I did go over to the site, set up an account and have been working my way through the questionnaire. So far, I have had to trick it into doing a few things - and the way you're supposed to enter income from a foreign employer is far from intuitive (though I think I've managed to figure it out). 

I think I'm going to move this thread over to the Expat Tax section, as I posted the list of Free File sites that claim to accept foreign addresses. Since the list has changed a bit from last year, I'm curious to see if we can get some "real user" reports.
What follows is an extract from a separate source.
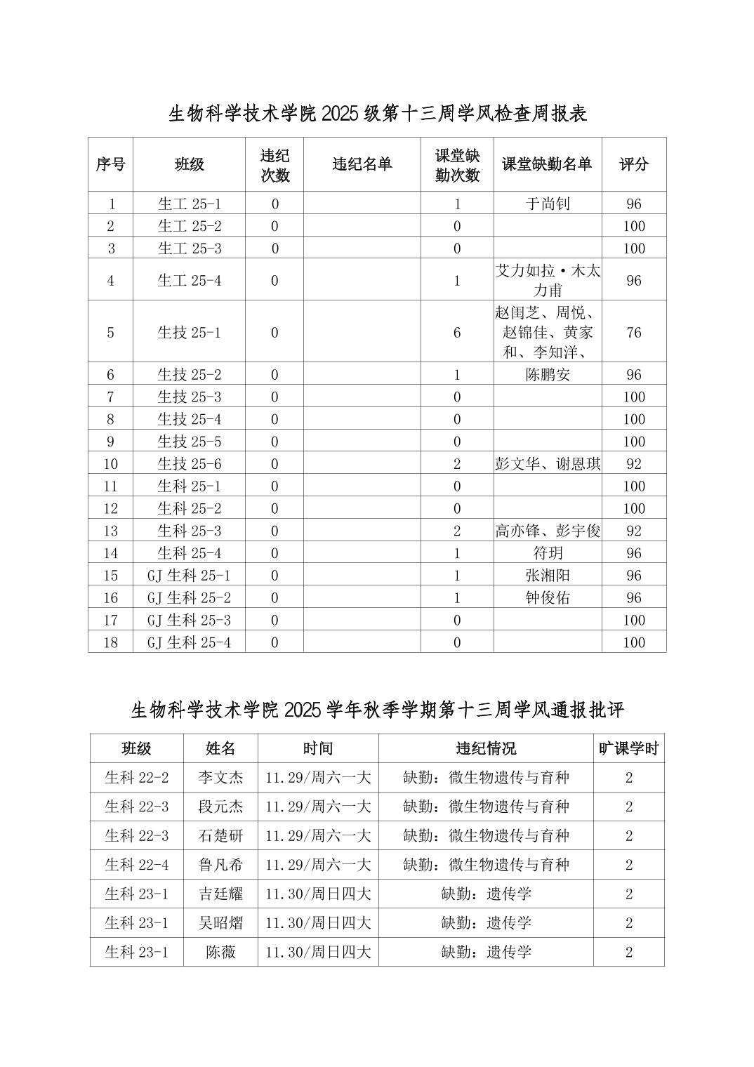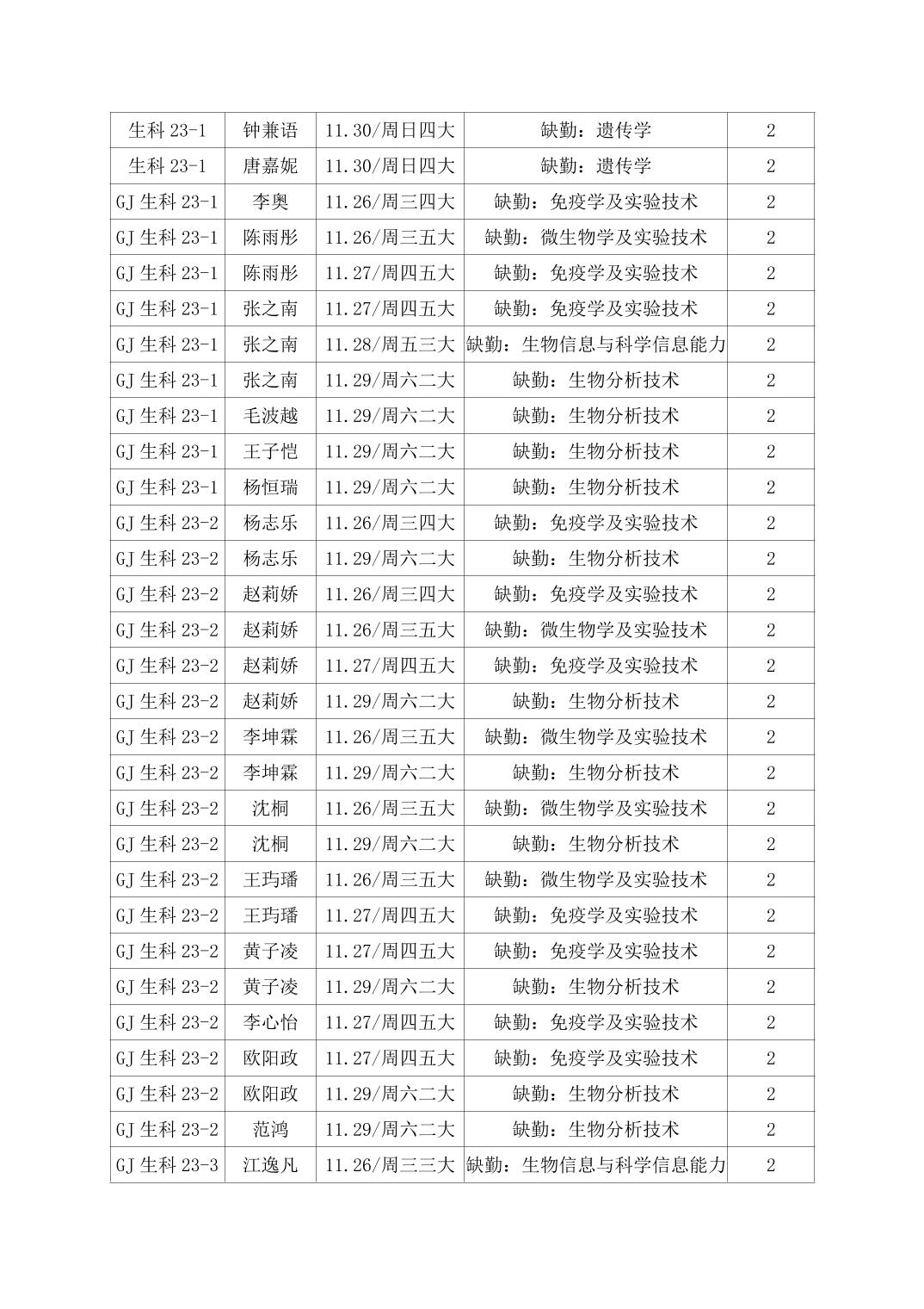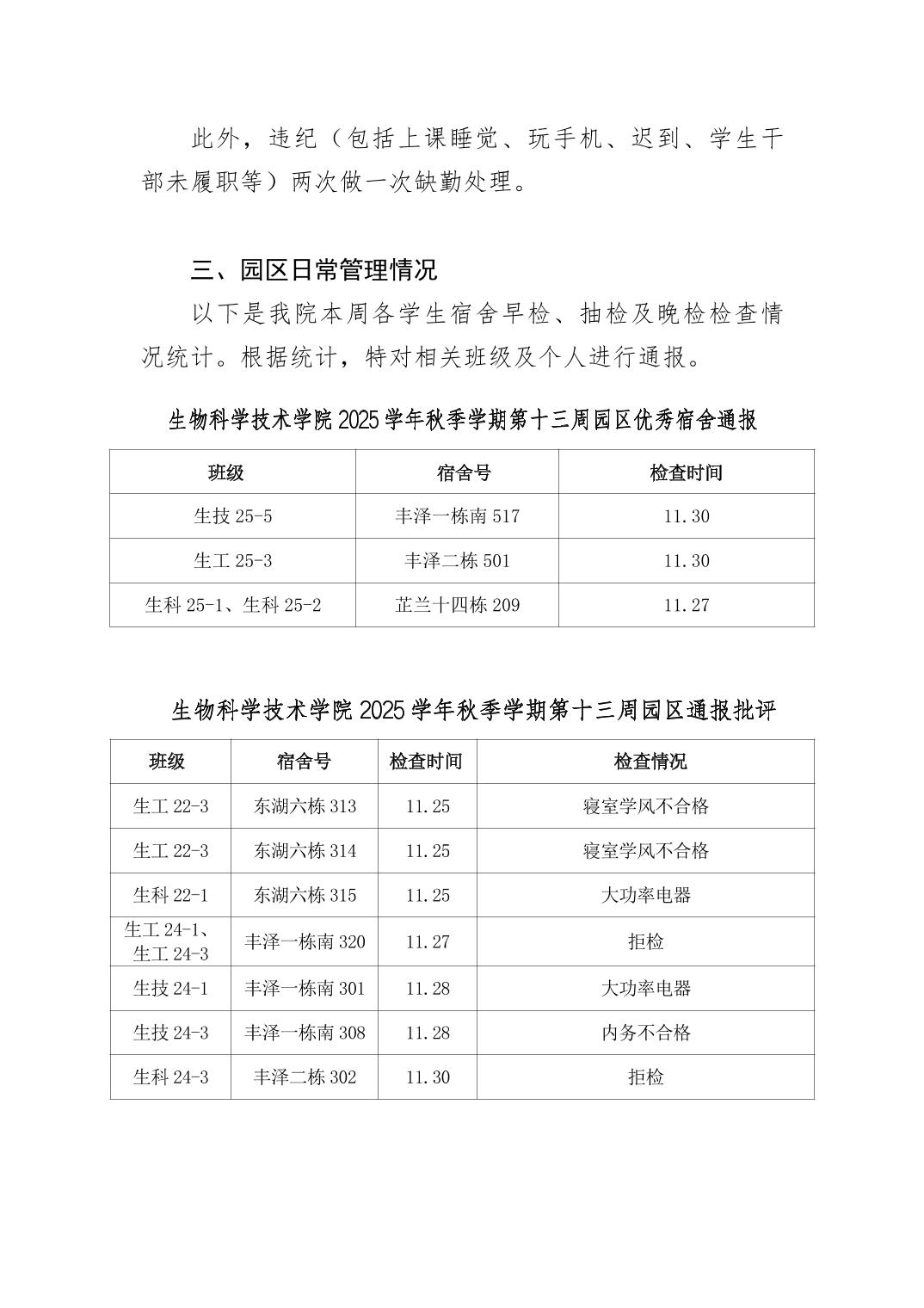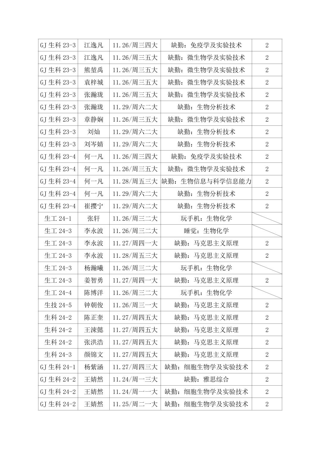 2025年秋季学期生物科学技术学院第13周日管通报

Anyhow - thank you for sharing!
Cheers,
Bev


----------



## rynd2it (Feb 2, 2010)

Bevdeforges said:


> Unfortunately that seems to be pretty much par for the course. The companies that do the US tax software don't seem to understand much about actually filling out and filing the forms from overseas.
> Bev


It's just not acceptable that they don't carry out even rudimentary QA - one dry run with this would have found that bug. Why do they think that users are software testers (unpaid) 

Ah well, back to snail mail


----------



## Bevdeforges (Nov 16, 2007)

I spent part of this afternoon playing around with the TurboTax software - and checking a couple of the other Free File software systems out. (Will play with them later.)

It may not be all the fault of Intuit (or TurboTax). It seems that the standards for the IRS to accept an e-filed return are kind of dodgy, too. 
Cheers,
Bev


----------



## rynd2it (Feb 2, 2010)

Bevdeforges said:


> I spent part of this afternoon playing around with the TurboTax software - and checking a couple of the other Free File software systems out. (Will play with them later.)
> 
> It may not be all the fault of Intuit (or TurboTax). It seems that the standards for the IRS to accept an e-filed return are kind of dodgy, too.
> Cheers,
> Bev


It is the fault of Intuit if they make false claims for their software and promote the product as having a specific feature which turns out not to work. If the IRS rules mean they can't make it work then withdraw the feature.

Cheers


----------